Certo il successo dell’applicazione potrebbe rappresentare un singolo exploit, oppure il segnale dell’arrivo di un cavallo di Troia da Pechino. L’elemento da non sottovalutare è che la strategia di marketing – dopo gli insuccessi di cui abbiamo detto, relativi ad Alibaba – finalmente funziona. Basti pensare che per raggiungere quota 500 milioni di utenti, l’applicazione ha speso 1 miliardo in pubblicità su una app rivale e cioè Snapchat. Il successo di TikTok indica un primo cambio di passo. La Cina non è più soltanto hardware, non è soltanto la fabbrica fisica della tecnologia, insomma non possiamo più considerarla la nazione che assembla gli iPhone e basta.

Quegli organismi complessi che sono le democrazie prevedono articolazioni che non hanno l’obbligo di tenere conto delle tante variabili di cui abbiamo detto fin qui. I procuratori pensano ad alcune di queste variabili, pensano soprattutto all’applicazione delle norme di legge, valutano i rischi per il mercato e per i consumatori laddove esistono posizioni di forza che stritolano il mercato.
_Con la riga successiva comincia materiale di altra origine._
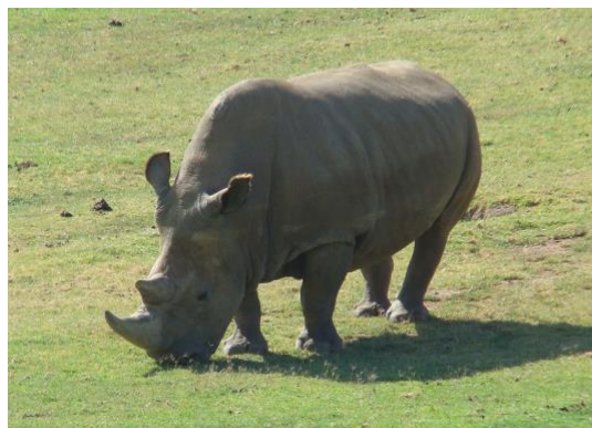
Northern White Rhinoceros
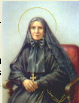
St. Frances Xavier Cabrini

We must pray without tiring, for the salvation of mankind does not depend upon material success . . . but on Jesus alone.
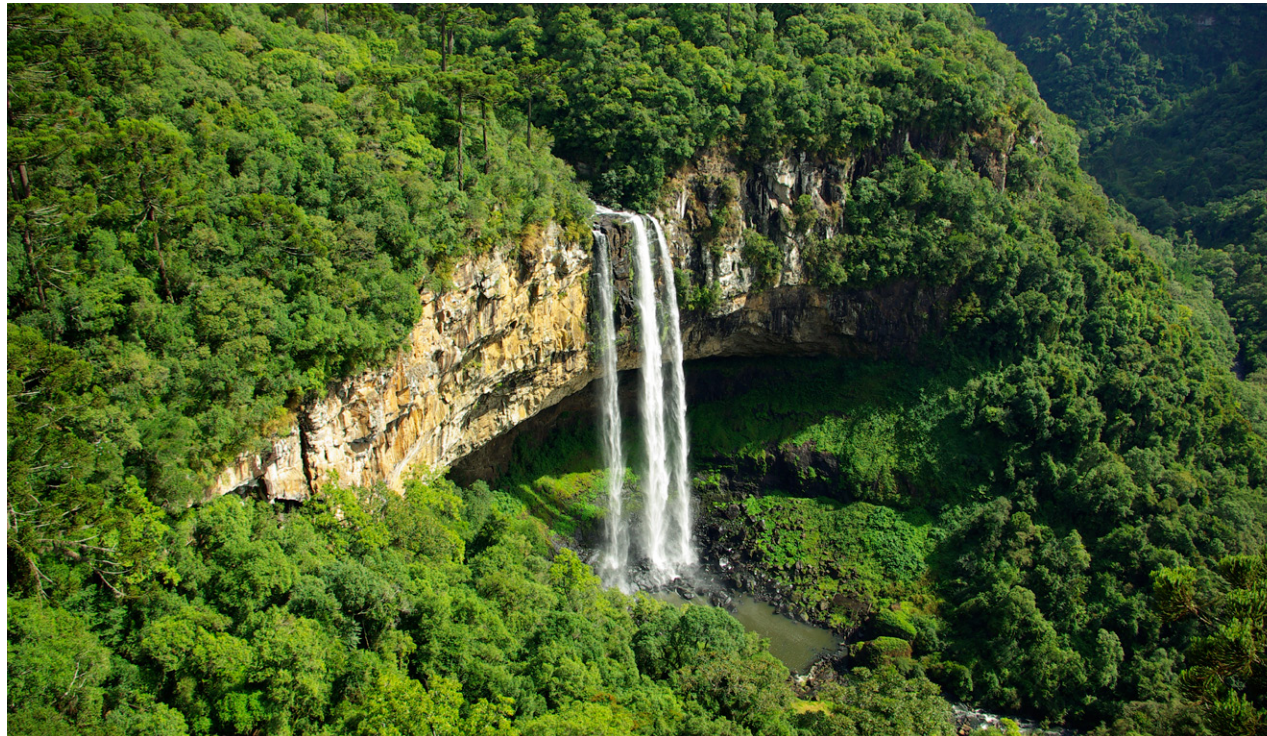
Caracol Falls, State of Rio Grande do Sul.

Beneficiaries include the governments and residents of the participating municipalities.

Eppure oggi gli Stati Uniti, e quindi anche i tanti procuratori, paiono di fronte a un feroce dilemma: mantenere in vita il capitalismo e le sue vecchie regole, oppure fare un’eccezione clamorosa, anzi salvare questa eccezione clamorosa, per non perdere una guerra tecnologica con il rivale più ingombrante del nuovo mondo multipolare?

Potremmo applicare una variante dell’Effetto farfalla a questa fase del confronto tra Stati nazionali e techno-corporation (le meta-nazioni digitali), e chiederci se il battito d’ali di un procuratore di uno Stato qualunque influirà sulla supremazia tecnologica americana nel confronto con Pechino. Potremmo anche chiederci se un giudice qualunque si farà strumento di un processo storico inevitabile, quello del sorpasso cinese ai danni degli Stati Uniti in questo settore; o se smembrare le grandi aziende della Silicon Valley sia il passo necessario per la sopravvivenza del capitalismo per come lo abbiamo conosciuto.

Infine ancora occorre domandarsi se è ancora attuale questa affermazione e come possa oggi essere realizzata: «per tutto il corso della loro storia gli Stati Uniti sono stati spesso animati dalla convinzione che i loro ideali avessero un’importanza universale e che fosse necessario diffonderli». Se risulta ancora vera, questa affermazione è vera nella misura in cui quegli ideali sono stati diffusi anche attraverso un sapiente racconto del capitalismo, narrazione in cui si inscrive alla perfezione il big bang dell’universo digitale proprio nell’ultimo capitolo di questa storia.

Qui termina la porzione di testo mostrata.